George W. Bush’s presidency had its problems, but Bush’s “Trumanesque,” plain-speaking style provided a certain clarity to American foreign policy. Granted, Bush had a propensity to mangle the English language, but generally speaking the American public and foreign leaders knew where he stood. His penchant for plain speaking occasionally got him into trouble, for in as much as Bush’s macho swagger turned off the more sensitive among us, his boasting about “bring ’em on” (regarding attacks on American forces in Iraq) or “there’s an old poster out West… that said, ‘Wanted, Dead or Alive’” (regarding the fate of Osama Bin Laden), was seen as positively imbecilic.

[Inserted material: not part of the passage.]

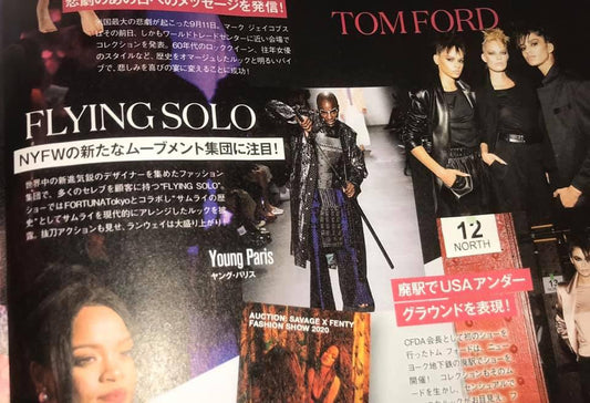 FORTUNA Tokyo picked up on Glitter magazine with Flying Solo on NYFW section with MARC JACOBS,TOMMY HILFIGER,TOM FORD.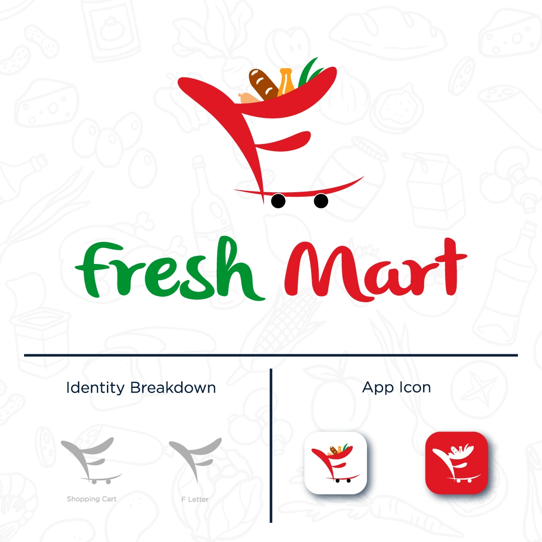 This is a fictional logo project designed for a grocery mart called Fresh Mart.

Mimicking the antics of George Costanza, the Obama team seems to think that by doing the opposite of George Bush they will usher in an era of universal peace and happiness. The administration recoils from Bushian bluntness, and in so doing emphatically rejects George Orwell’s advice regarding the importance of precision in language. Nowhere is this more evident than in the language the Obama administration employs when discussing the war formerly known as the “war on terror.” Regarding the latter phrase – the administration prefers more rhetorically uninspired and inoffensive language such as “Overseas Contingency Operation.” (The Obama administration also rejected the term “The Long War.”) Needless to say, “Overseas Contingency Operation” lacks a certain Churchillian flair.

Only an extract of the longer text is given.